----- Supplied material
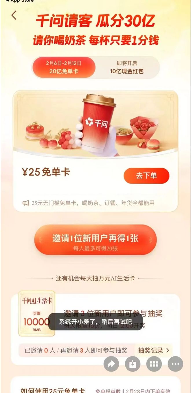 编辑|钉钉 记者|陈杨园 2月6日,阿里千问正式上线"春节30亿免单",发放奶茶免单卡。记者发现,继微信封杀自家腾讯元宝、 百度文心助手后,千问的红包分享链接也被微信屏蔽,页面显示网页存在诱导或误导下载/跳转的内 容,需要跳转第三方浏览器访问。同时,部分用户在千问APP点击分享活动至微信好友时,已自动改为 复制口令形式。 此外,千问上线奶茶免单活动后,部分用户打开活动页面,发现"千问请客"页面无法点击,页面信息显 示"系统开小差了,稍后再试吧"。有用户对记者反馈,除活动页面外,问答功能仍可正常使用。 ...
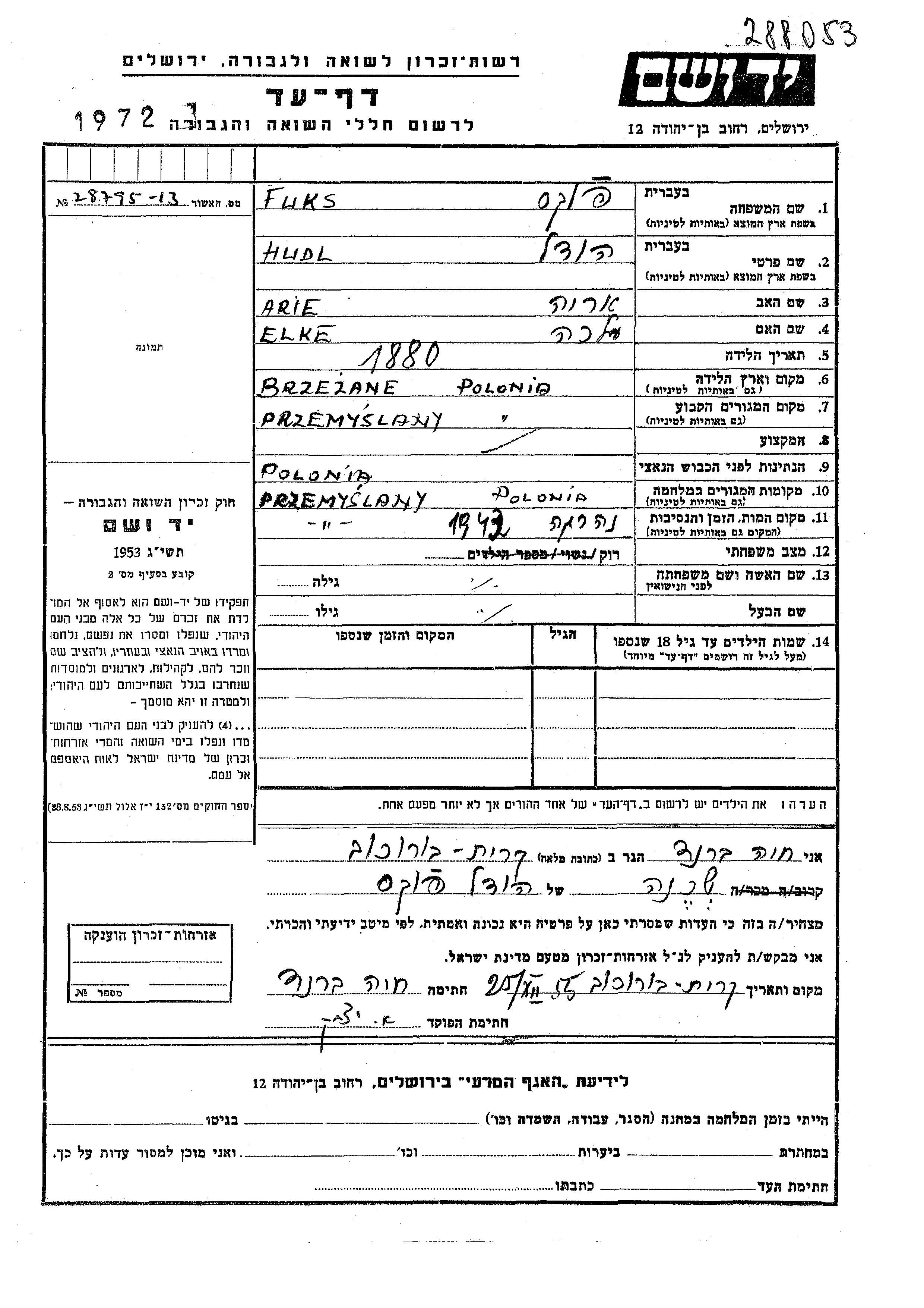 Яд Вашем - Листы свидетельских показаний Мемориального фонда
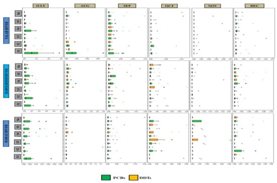 Widespread use of chemicals and industrial development during the twentieth century are the major sources for many chemical pollutants to enter the environment []. Owing to the ubiquity, toxicity and competency to bio-accumulate and bio-magnify, elucidation of dominant persistent organic pollutants (POPs), viz. polychlorinated biphenyls (PCBs) and organochlorine pesticides (OCPs), are of utmost importance [,].
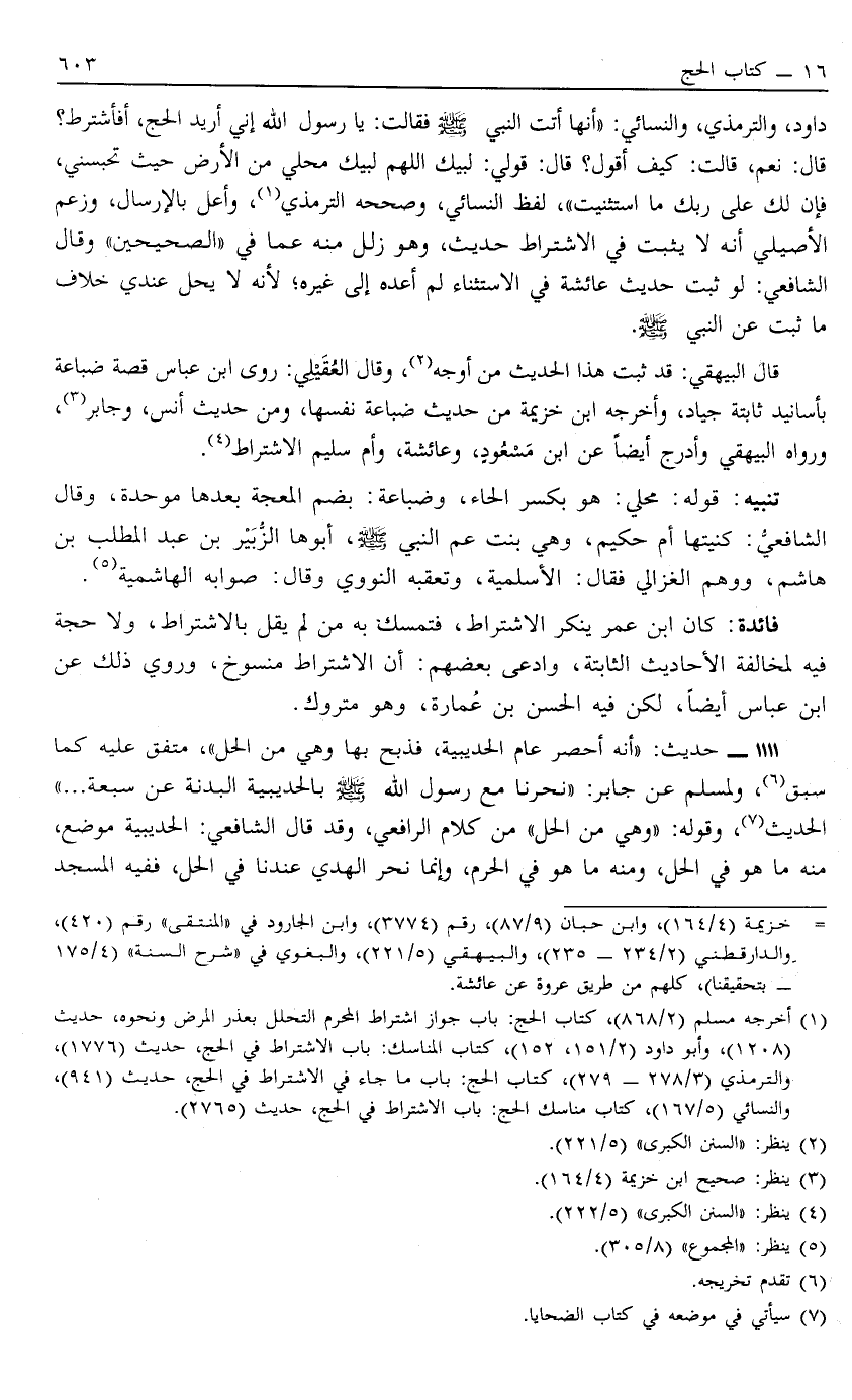 1 أخرجه مسلم "2/868"، كتاب الحج: باب جواز اشتراط التحلل بعذر المرض ونحوه، حديث "1208"، وأبو داود "2/151، 152" كتاب المناسك: باب الاشتراط في الحج، حديث "1776"، والترمذي "3/278- 279" كتاب الحج: باب ما جاء في الاشتراط في الحج، حديث "941"، والنسائي "5/167" كتاب مناسك الحج: باب الاشتراط في الحج، حديث "2765".
----------
Problem details: Repeat word for word only the lines from the line holding "Яд Вашем - Листы" to the final line of the material, both included. Don't carry over any picture.

Exercise output:
 Яд Вашем - Листы свидетельских показаний Мемориального фонда
 Widespread use of chemicals and industrial development during the twentieth century are the major sources for many chemical pollutants to enter the environment []. Owing to the ubiquity, toxicity and competency to bio-accumulate and bio-magnify, elucidation of dominant persistent organic pollutants (POPs), viz. polychlorinated biphenyls (PCBs) and organochlorine pesticides (OCPs), are of utmost importance [,].
 1 أخرجه مسلم "2/868"، كتاب الحج: باب جواز اشتراط التحلل بعذر المرض ونحوه، حديث "1208"، وأبو داود "2/151، 152" كتاب المناسك: باب الاشتراط في الحج، حديث "1776"، والترمذي "3/278- 279" كتاب الحج: باب ما جاء في الاشتراط في الحج، حديث "941"، والنسائي "5/167" كتاب مناسك الحج: باب الاشتراط في الحج، حديث "2765".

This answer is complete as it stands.